A RT-qPCR were performed to detect the effects of epirubicin on U87 and LN229 cell the expression level of linc00857, miR-1290 and GPX4. B CCK-8 assays were performed to detect the effects of epirubicin on U87 and LN229 cell proliferation. C Colony formation assays were performed to detect the effects of epirubicin on U87 and LN229 cell colony formation. D The ROS levels in cells were detected in U87 and LN229 cells after treatment with epirubicin. E–H The GSH, MDA, iron, and GPXs activity levels were detected in U87 and LN229 cells after treatment with epirubicin. I, J Subcutaneous tumor formation assay was used to detect the proliferation of U87 cells in vivo after treatment with epirubicin. K Tumor weight of tumor tissues derived from U87 cells treatment with epirubicin.

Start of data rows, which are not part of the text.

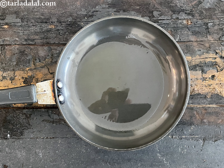 एक छोटे नॉन स्टिक पैन में १ टी-स्पून घी गरम करें।
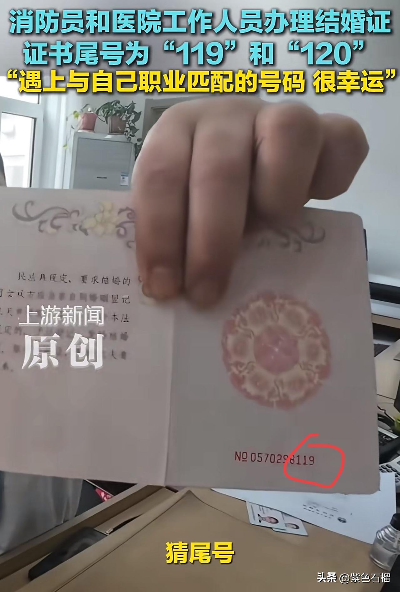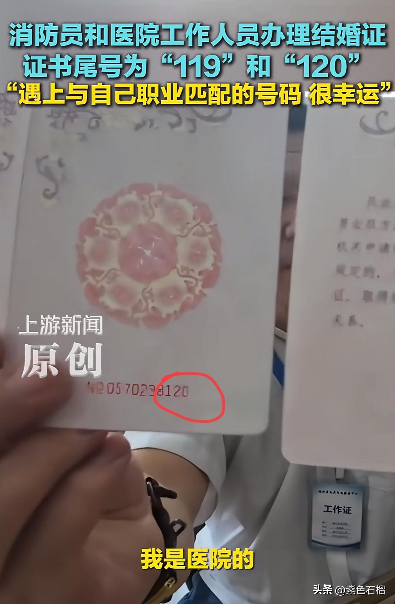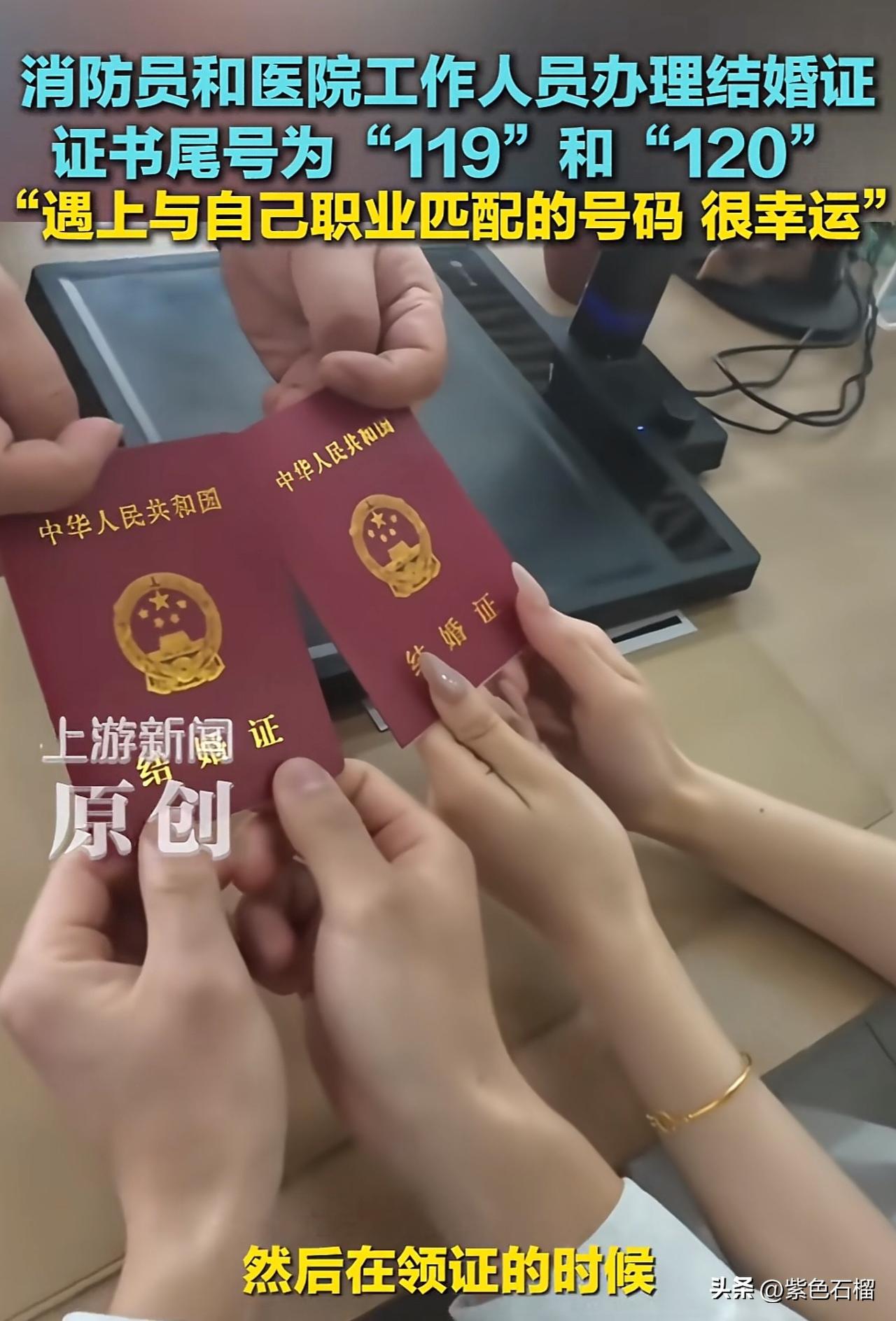 这也太幸运了吧!当新人的结婚证号恰好与自己的职业相匹配,这简直浪漫至极,原来一切都是上天最美好的安排。 3月20日,在辽宁,一对准新人前往民政局领取结婚证。工作人员询问男方的职业,男孩回答是消防员。随后,工作人员立刻递过来一张结婚证,证书尾号赫然印着:119。工作人员还特意强调,没有挑号。 女孩也觉得十分神奇,赶忙问道:“下一个是120吗?我在医院工作。”结果定睛一看,另一张结婚证尾号果真为:120。 对此,有网友调侃道:“119跟120结婚了,结都结了再生个110吧。” 还有网友深情写道:“119的勇敢,120的温柔,连结婚证尾号都在助力爱情,这大概就是你守护山河无恙,我呵护人间安康,而我们守护着彼此的心跳。” 不得不说,这两个职业都无比伟大,都在守护着人们的生命安全,他们真可谓是命中注定的一对璧人。 对此,友友们有什么想说的?欢迎在评论区交流。
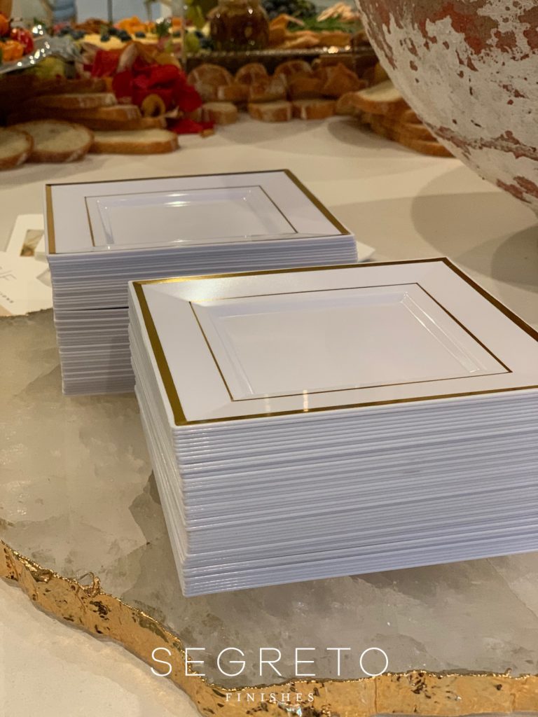 These china feeling plastic plates, ordered from Amazon, were placed on an onyx slab trimmed in real gold leaf.
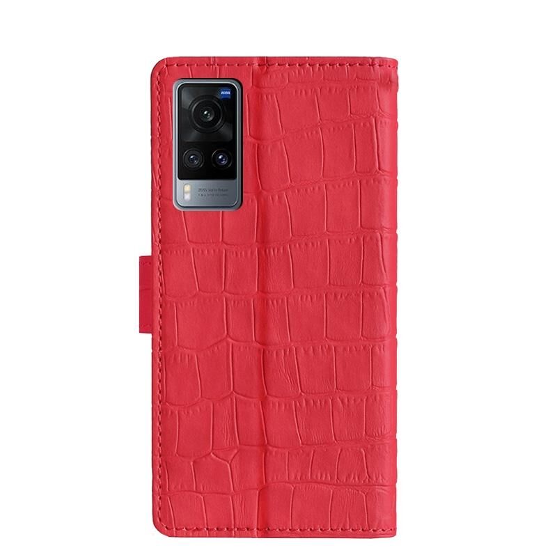 Θήκη για vivo X60 με υφή δέρματος κροκόδειλου, μαγνητικό κούμπωμα, οριζόντια αναδιπλούμενη από δερματίνη PU με βάση & υποδοχές καρτών & πορτοφόλι (Κόκκινο)
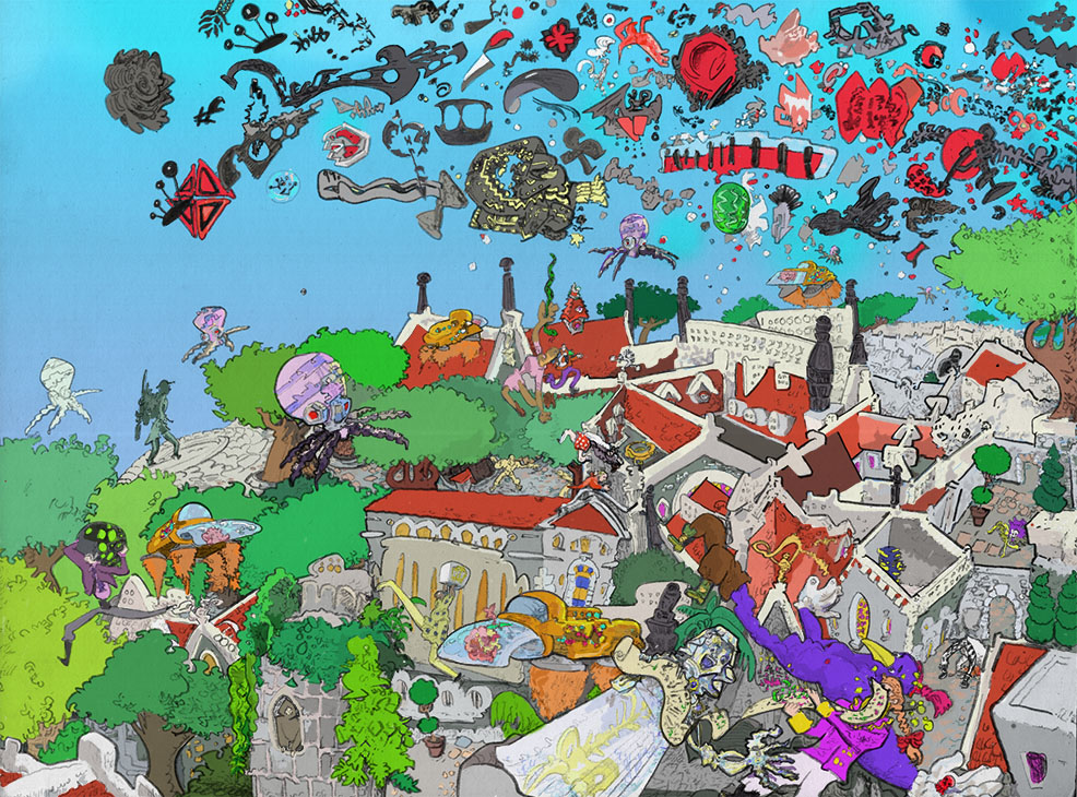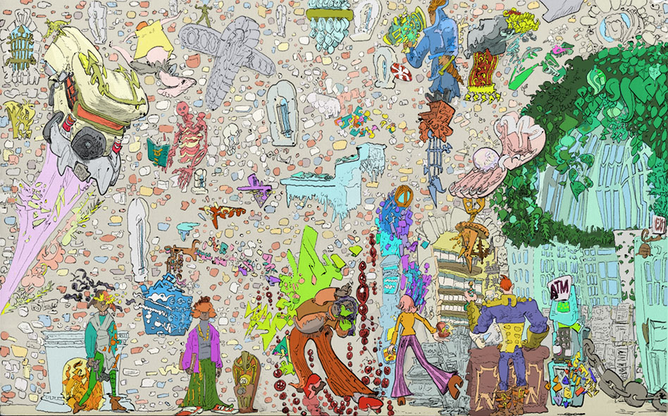 chorai, ballpoint pen with digital coloring, 2016.
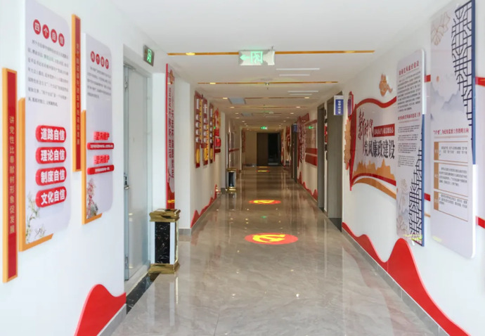 集團黨建活動陣地位于集團辦公樓11樓,占地180㎡,分為黨建文化長廊、黨員活動室、支部會議室三個功能區(qū),集黨員學習教育、組織生活開展、黨建成果展示等功能于一體。其中,黨建文化長廊由黨建引領(lǐng)發(fā)展、傳承紅色精神、筑牢戰(zhàn)斗堡壘、挺膺擔當奮進、構(gòu)建精神文明、建設(shè)廉政文化六個部分組成,圖文并茂的形式讓每一位走過長廊的黨員都能深刻領(lǐng)悟黨建工作的深刻內(nèi)涵。黨員活動室包含了組織架構(gòu)展示、榮譽展示、黨建工作展示、學習區(qū)等內(nèi)容,配備桌椅茶幾等休閑設(shè)施,布置溫馨,氛圍濃厚。
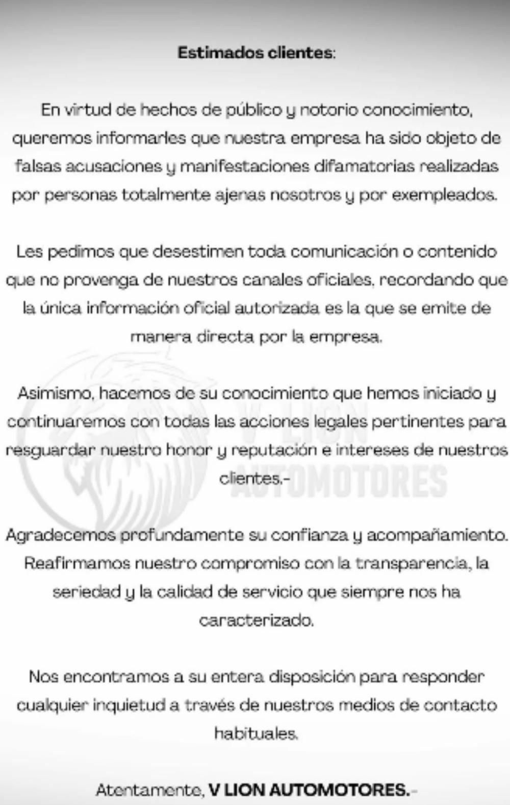 "En virtud de los hechos de público y notorio conocimiento, queremos informales que nuestra empresa ha sido objeto de falsas acusaciones y manifestaciones difamatorias realizadas por personas totalmente ajenas a nosotros y por empleados", se lee en la publicación compartida días atrás en la cuenta de Instagram automotoresvlion.

L The in situ tumor formation model was used to detect the proliferation of U87 cells in vivo after treatment with epirubicin. M Expression of FOXP3, KI67, PCNA and GPX4 in tissues derived from U87 cells treatment with epirubicin. **P < 0.01; ***P < 0.001.
Discussion
Ferroptosis, a form of RCD dependent on iron and controlled by GPX4, is primarily initiated by severe lipid peroxidation resulting from the generation of ROS and the availability of iron [18]. A growing body of evidence indicates the significant involvement of ferroptosis in GBM progression, with several drugs demonstrating anti-tumor effects and synergistic effects with temozolomide by targeting regulatory molecules associated with ferroptosis in glioma, especially in GBM [19, 20]. Therefore, the identification of these regulatory molecules holds potential for enhancing GBM therapy.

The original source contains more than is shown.